Ranking Metrics#

Metrics for evaluating ranked retrieval results, where items are ranked by precomputed scores. These metrics compare the ranking against relevance labels to measure retrieval quality.

class flax_metrics.ranking.MeanAveragePrecision(k: int | None = None)#

Mean Average Precision.

The mean of average precision scores across queries, where average precision is the sum of precision@k * rel(k) divided by total relevant items.

See also

This metric is implemented in ir-measures as AP.

Parameters:

k – Number of top items to consider. If None, considers all items.

Example

>>> from jax import numpy as jnp
>>> from flax_metrics import MeanAveragePrecision
>>>
>>> scores    = jnp.array([0.4, 0.3, 0.2, 0.1])
>>> relevance = jnp.array([  1,   1,   0,   1])
>>> metric = MeanAveragePrecision()
>>> metric.update(labels=relevance, scores=scores)
MeanAveragePrecision(...)
>>> metric.compute()  # (1/1 + 2/2 + 3/4) / 3
Array(0.9166667, dtype=float32)
compute() Array#

Compute and return the mean average precision.

reset() Self#

Reset the metric state in-place.

update(labels: Array, scores: Array, *, mask: Array | None = None, **_) Self#

Update the mean average precision with a batch of scored items.

Parameters:
  • labels – Relevance labels, shape (..., num_items).
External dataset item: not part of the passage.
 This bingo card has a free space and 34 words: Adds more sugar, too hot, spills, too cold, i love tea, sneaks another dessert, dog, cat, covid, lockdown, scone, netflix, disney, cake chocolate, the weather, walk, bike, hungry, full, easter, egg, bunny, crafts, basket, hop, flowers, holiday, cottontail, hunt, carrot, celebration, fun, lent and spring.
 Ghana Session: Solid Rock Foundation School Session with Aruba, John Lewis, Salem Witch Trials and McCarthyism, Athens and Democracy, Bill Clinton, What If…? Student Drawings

  • scores – Scores for each item, same shape as labels.

  • mask – Binary mask indicating which queries to include.

class flax_metrics.ranking.MeanReciprocalRank(k: int | None = None)#

Mean Reciprocal Rank.

The average of reciprocal ranks of the first relevant item for each query.

See also

This metric is implemented in ir-measures as RR.

Parameters:

k – Number of top items to consider. If None, considers all items.

Example

>>> from jax import numpy as jnp
>>> from flax_metrics import MeanReciprocalRank
>>>
>>> scores    = jnp.array([0.1, 0.4, 0.3, 0.2])
>>> relevance = jnp.array([  1,   0,   0,   1])
>>> metric = MeanReciprocalRank()
>>> metric.update(labels=relevance, scores=scores)
MeanReciprocalRank(...)
>>> metric.compute()  # first relevant at rank 3
Array(0.33333334, dtype=float32)
compute() Array#

Compute and return the mean reciprocal rank.

reset() Self#

Reset the metric state in-place.

update(labels: Array, scores: Array, *, mask: Array | None = None, **_) Self#

Update the mean reciprocal rank with a batch of scored items.

Parameters:
  • labels – Relevance labels, shape (..., num_items).
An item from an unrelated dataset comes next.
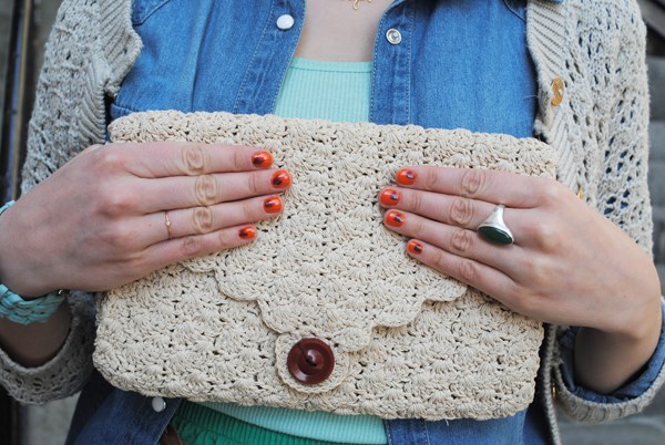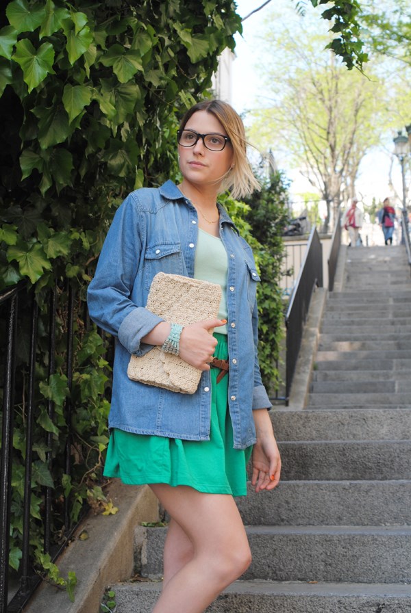 Veste en jean et top Atmosphère, ceinture tressée, jupe Zara, gilet New Look, ballerines indiennes, bracelet H&m, bague à Maman et pochette Emmaus.

  • scores – Scores for each item, same shape as labels.

  • mask – Binary mask indicating which queries to include.

class flax_metrics.ranking.NDCG(k: int | None = None)#

Normalized Discounted Cumulative Gain.

See also

This metric is implemented in ir-measures as nDCG.

Parameters:

k – Number of top items to consider. If None, considers all items.

Example

>>> from jax import numpy as jnp
>>> from flax_metrics import NDCG
>>>
>>> scores    = jnp.array([0.1, 0.4, 0.3, 0.2])
>>> relevance = jnp.array([  3,   2,   1,   0])
>>> metric = NDCG(k=3)
>>> metric.update(labels=relevance, scores=scores)
NDCG(...)
>>> metric.compute()  # DCG / IDCG
Array(0.5525..., dtype=float32)
compute() Array#

Compute and return the NDCG.

reset() Self#

Reset the metric state in-place.

update(labels: Array, scores: Array, *, mask: Array | None = None, **_) Self#

Update the NDCG with a batch of scored items.

Parameters:
  • labels – Relevance labels (can be graded), shape (..., num_items).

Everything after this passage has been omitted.